Magna, or magnesium, chloride is a common ingredient used to bind edible soy products, including tofu, and as a chemical de-icer. The product is effective for melting ice on your walkway but will wreak havoc on your indoor carpeting. Magnesium chloride de-icer effectively melts ice at below-zero temperatures but has a catastrophic effect on your carpeting, according to the Utah State University Cooperative Extension. Use the correct tools to salvage your magnesium chloride-stained carpets.
- Shop vac or industrial vacuum
- Wet/dry vac or towels
- 2 tbsp. liquid dish soap
- Plastic scrub brush
- 1/4 cup rubbing alcohol
Remove the loose magnesium chloride de-icer, using a shop vac or industrial vacuum. Don't attempt to use your household vacuum to remove the de-icer; you could damage the machine. Continue to run the vacuum over the affected area until the loose de-icer is completely removed.
Bring 1 gallon of water to a boil over high heat. Continue to heat the water until it reaches a temperature of 180 to 190 degrees Fahrenheit.
Remove the water from the heat and rinse the affected carpet. Allow the carpet to air dry or remove the excess moisture with a wet/dry vac or soak it up with towels.

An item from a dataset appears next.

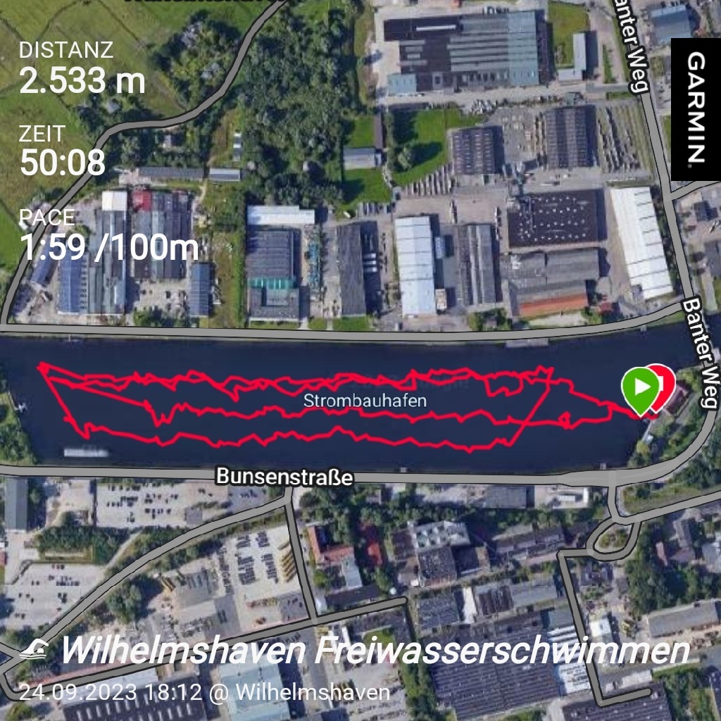 Die diesjährige Freiwassersaison neigt sich langsam zu Ende und es ist Zeit für einen kleinen Rückblick: Nach dem Start Mitte Mai nutzten insgesamt 13 Aktive unser neues, erst seit 2023 bestehendes Trainingsangebot im Kanalhafen und legten bei den 23 Terminen über 50 km zurück! Dabei erwies sich die Schwimmstrecke als wahrer Glücksfall: Mit 625 m Länge beträgt sie exakt ein Viertel von 2,5 km, also der offiziellen Wettkampf-Distanz. Außerdem war die Wassertemperatur mit bis zu 24 Grad meist ausreichend hoch für Schwimmanzug bzw. -hose und sank erst Mitte September in den "Neopren-Bereich". Quallen waren nur ein einziges Mal (Anfang Juli) wirklich ein Problem und auch sonst waren Lebewesen oder Unrat kein Thema - solange man sich mit dem Umstand vertraut macht, sie im überwiegend trüben Brackwasser ohnehin kaum erkennen zu können - inklusive Seehunden, die sich dort von Zeit zu Zeit blicken lassen (sollen)...

Create a mixture of 2 tablespoons of liquid dish soap and 1/2 gallon of hot water. Stir the ingredients to create a sudsy mixture and pour it onto the affected carpeting. Work the mixture into the carpeting with a plastic scrub brush to prevent leaving a greasy buildup from the magna chloride.
Create a mixture of 1 gallon of hot water and 1/4 cup of rubbing alcohol. Pour the mixture onto the affected carpet to remove the soapy mixture and any remaining de-icer.
Dab at the carpet with a towel to remove excess liquid and allow it to dry completely before using.